Posted: Fri Mar 14, 2008 5:38 pm
Ok,ok ... Now I got AC. The problem was on overflow of the value "b", which is not a double, but I unsigned long long ...

I submitted totally 8 times ...

Posted: Tue Mar 18, 2008 2:05 pm
You can remove your code from the post. (don't spoil the fun to solve a problem )

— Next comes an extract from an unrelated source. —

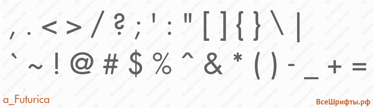 Предварительный просмотр шрифта «a_Futurica» со знаками препинания и пунктуации (, . / ? ; ‘ : » { } \ | ` ~ ! @ # $ % ^ & * ( ) — _ + =).

### Re: 11401 - Triangle Counting

Posted: Tue Jan 06, 2009 10:28 am
I don't know why this is WA!!!!!!! Code: Select all

``mistake fixed``

### Re: 11401 - Triangle Counting

Posted: Tue Jan 06, 2009 3:53 pm
Check the following line...

Code: Select all

``f = i*(i-1)-(i+1)*(i-b)-b*(b-1);``
Since i, b both are normal integers so, overflow will occur if i/b is too big. So, declare i and b as 64 bit integer.

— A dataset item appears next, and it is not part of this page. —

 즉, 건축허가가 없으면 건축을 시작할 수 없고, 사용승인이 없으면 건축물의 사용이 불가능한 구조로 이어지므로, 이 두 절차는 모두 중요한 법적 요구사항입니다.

### Re: 11401 - Triangle Counting

Posted: Wed Jan 07, 2009 7:35 am
Thanks vai got ACC.   ### Re: 11401 - Triangle Counting

Posted: Sun Jul 27, 2014 10:59 am
this is an interesting problem !!

### Re: 11401 - Triangle Counting

Posted: Mon Jul 28, 2014 8:59 pm
My AC code runs each test case in constant time with O(max_n) pre-processing.
The output will fit in a long long unsigned.